# [WHAT NEEDS TO BE DONE]
Repeat the stretch of entries below from the line with "5196 og 374-382" through the line with "Марк предстаёт передо". Include both ends and add nothing.

# [DATA FOR THIS TASK]
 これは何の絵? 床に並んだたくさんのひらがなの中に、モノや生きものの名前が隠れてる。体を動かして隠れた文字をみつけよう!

==

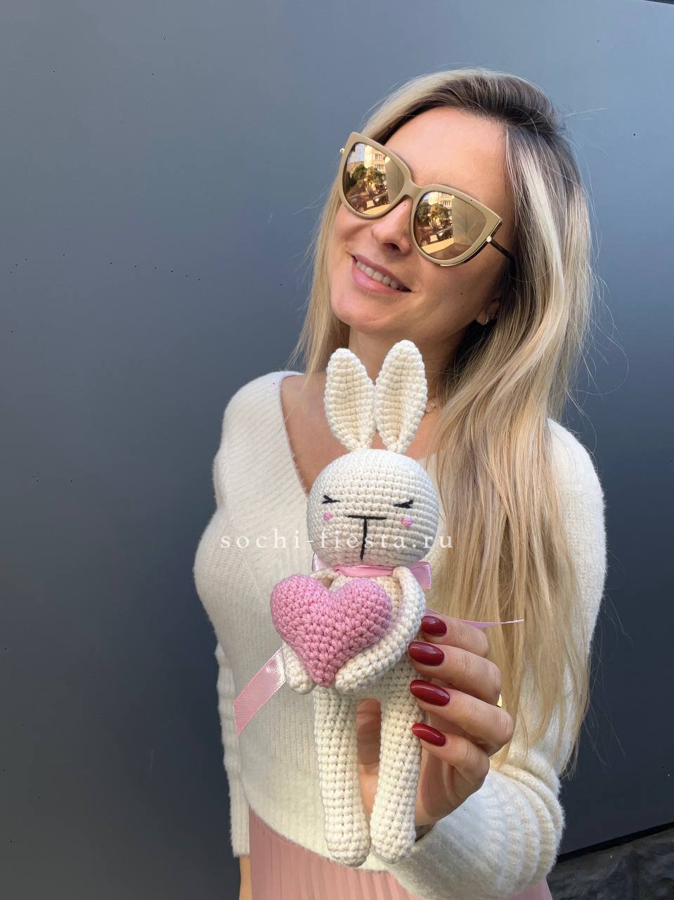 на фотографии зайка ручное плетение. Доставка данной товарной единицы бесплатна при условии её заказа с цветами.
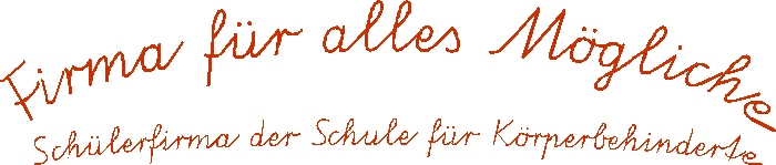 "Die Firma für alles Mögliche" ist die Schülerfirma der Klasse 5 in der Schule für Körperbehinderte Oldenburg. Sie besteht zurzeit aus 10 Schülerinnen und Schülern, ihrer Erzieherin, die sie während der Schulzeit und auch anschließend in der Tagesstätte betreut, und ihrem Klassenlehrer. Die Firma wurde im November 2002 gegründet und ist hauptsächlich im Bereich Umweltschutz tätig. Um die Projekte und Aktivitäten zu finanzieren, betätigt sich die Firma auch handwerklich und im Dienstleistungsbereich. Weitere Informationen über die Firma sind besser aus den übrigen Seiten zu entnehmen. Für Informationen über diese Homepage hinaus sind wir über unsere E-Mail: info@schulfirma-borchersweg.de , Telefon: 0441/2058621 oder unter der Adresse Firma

* * *

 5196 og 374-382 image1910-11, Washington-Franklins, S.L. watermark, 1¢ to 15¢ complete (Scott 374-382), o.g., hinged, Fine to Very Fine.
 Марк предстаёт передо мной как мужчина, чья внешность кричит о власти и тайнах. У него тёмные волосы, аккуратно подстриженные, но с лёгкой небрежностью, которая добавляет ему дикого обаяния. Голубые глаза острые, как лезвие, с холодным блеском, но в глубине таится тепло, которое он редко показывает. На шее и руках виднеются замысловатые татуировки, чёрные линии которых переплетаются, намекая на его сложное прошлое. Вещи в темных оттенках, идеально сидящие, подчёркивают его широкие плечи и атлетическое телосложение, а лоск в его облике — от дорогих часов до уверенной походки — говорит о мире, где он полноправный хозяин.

# [TASK RESULT]
 5196 og 374-382 image1910-11, Washington-Franklins, S.L. watermark, 1¢ to 15¢ complete (Scott 374-382), o.g., hinged, Fine to Very Fine.
 Марк предстаёт передо мной как мужчина, чья внешность кричит о власти и тайнах. У него тёмные волосы, аккуратно подстриженные, но с лёгкой небрежностью, которая добавляет ему дикого обаяния. Голубые глаза острые, как лезвие, с холодным блеском, но в глубине таится тепло, которое он редко показывает. На шее и руках виднеются замысловатые татуировки, чёрные линии которых переплетаются, намекая на его сложное прошлое. Вещи в темных оттенках, идеально сидящие, подчёркивают его широкие плечи и атлетическое телосложение, а лоск в его облике — от дорогих часов до уверенной походки — говорит о мире, где он полноправный хозяин.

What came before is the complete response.